RISC-V processors encounter substantial challenges in deploying multi-precision deep neural networks (DNNs) due to their restricted precision support, constrained throughput, and suboptimal dataflow design. To tackle these challenges, a scalable RISC-V vector (RVV) processor, namely SPEED, is proposed to enable efficient multi-precision DNN inference by innovations from customized instructions, hardware architecture, and dataflow mapping. Firstly, dedicated customized RISC-V instructions are proposed based on RVV extensions, providing SPEED with fine-grained control over processing precision ranging from 4 to 16 bits. Secondly, a parameterized multi-precision systolic array unit is incorporated within the scalable module to enhance parallel processing capability and data reuse opportunities. Finally, a mixed multi-precision dataflow strategy, compatible with different convolution kernels and data precision, is proposed to effectively improve data utilization and computational efficiency. We perform synthesis of SPEED in TSMC 28nm technology. The experimental results demonstrate that SPEED achieves a peak throughput of 287.41 GOPS and an energy efficiency of 1335.79 GOPS/W at 4-bit precision condition, respectively. Moreover, when compared to the pioneer open-source vector processor Ara, SPEED provides an area efficiency improvement of 2.04$\times$ and 1.63$\times$ under 16-bit and 8-bit precision conditions, respectively, which shows SPEED's significant potential for efficient multi-precision DNN inference.

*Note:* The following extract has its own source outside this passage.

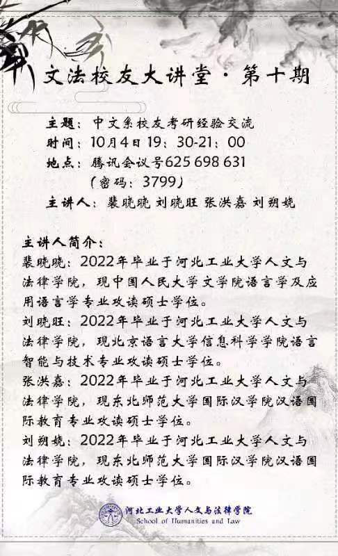 10月4日晚7点半,蜜桃视频 特邀现攻读中国人民大学文学院语言学及应用语言学专业硕士学位的裴晓晓、现攻读北京语言大学信息科学学院语言智能与技术专业硕士学位的刘晓旺、现攻读东北师范大学国际汉学院汉语国际教育专业的张洪嘉和现攻读东北师范大学国际汉学院汉语国际教育专业硕士学位的刘朔娆共四位文法校友做客线上讲座,分享他们的考验经验,为各位正在考研或即将考研的同学们点明方向,指点迷津。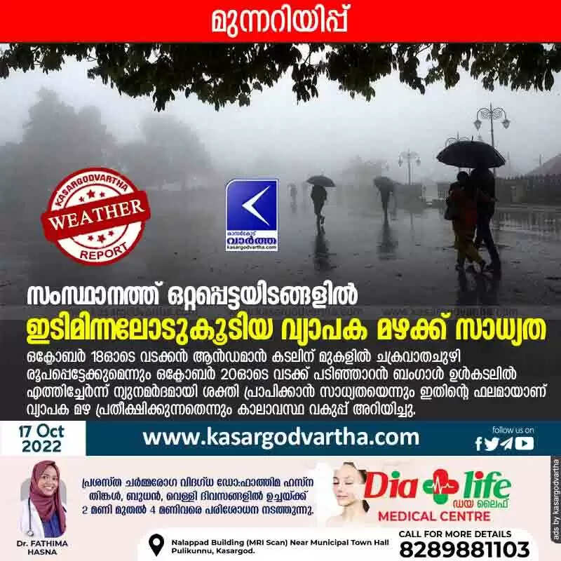 തിരുവനന്തപുരം: (www.kasargodvartha.com) സംസ്ഥാനത്ത് 21 വരെ വ്യാപക മഴയ്ക്ക് സാധ്യത. ഒക്ടോബര്‍ 20 ന് ഒറ്റപ്പെട്ട സ്ഥലങ്ങളില്‍ അതിശക്തമായ മഴയ്ക്കും സാധ്യതയുണ്ട്. ഒക്ടോബര്‍ 18 ഓടെ വടക്കന്‍ ആന്‍ഡമാന്‍ കടലിന് മുകളില്‍ ചക്രവാതചുഴി രൂപപ്പെട്ടേക്കും. പടിഞ്ഞാറ് വടക്ക് പടിഞ്ഞാറ് ദിശയില്‍ സഞ്ചരിച്ച് ഒക്ടോബര്‍ 20 ഓടെ വടക്ക് പടിഞ്ഞാറന്‍ ബംഗാള്‍ ഉള്‍ക്കടലില്‍ എത്തിചേര്‍ന്ന് ന്യുന മര്‍ദമായി ശക്തി പ്രാപിക്കാന്‍ സാധ്യതയെന്നും ഇതിന്റെ ഫലമായാണ് വ്യാപക മഴ പ്രതീക്ഷിക്കുന്നതെന്നും കാലാവസ്ഥ വകുപ്പ് അറിയിച്ചു.

翻译：RISC-V处理器在部署多精度深度神经网络（DNN）时面临重大挑战，主要源于其受限的精度支持、不足的吞吐量以及次优的数据流设计。为应对这些挑战，本文提出了一种可扩展的RISC-V向量（RVV）处理器——SPEED，通过定制指令、硬件架构与数据流映射的创新，实现高效多精度DNN推理。首先，基于RVV扩展提出了专用的定制RISC-V指令，使SPEED能够以4至16位的粒度精细控制处理精度。其次，在可扩展模块中集成了参数化的多精度脉动阵列单元，以增强并行处理能力与数据重用机会。最后，提出了一种兼容不同卷积核与数据精度的混合多精度数据流策略，有效提升数据利用率与计算效率。我们基于台积电28nm工艺对SPEED进行了综合实现。实验结果表明，在4位精度条件下，SPEED实现了287.41 GOPS的峰值吞吐量与1335.79 GOPS/W的能效。此外，与先驱开源向量处理器Ara相比，在16位和8位精度条件下，SPEED的面积效率分别提升了2.04倍和1.63倍，彰显了其在高能效多精度DNN推理中的巨大潜力。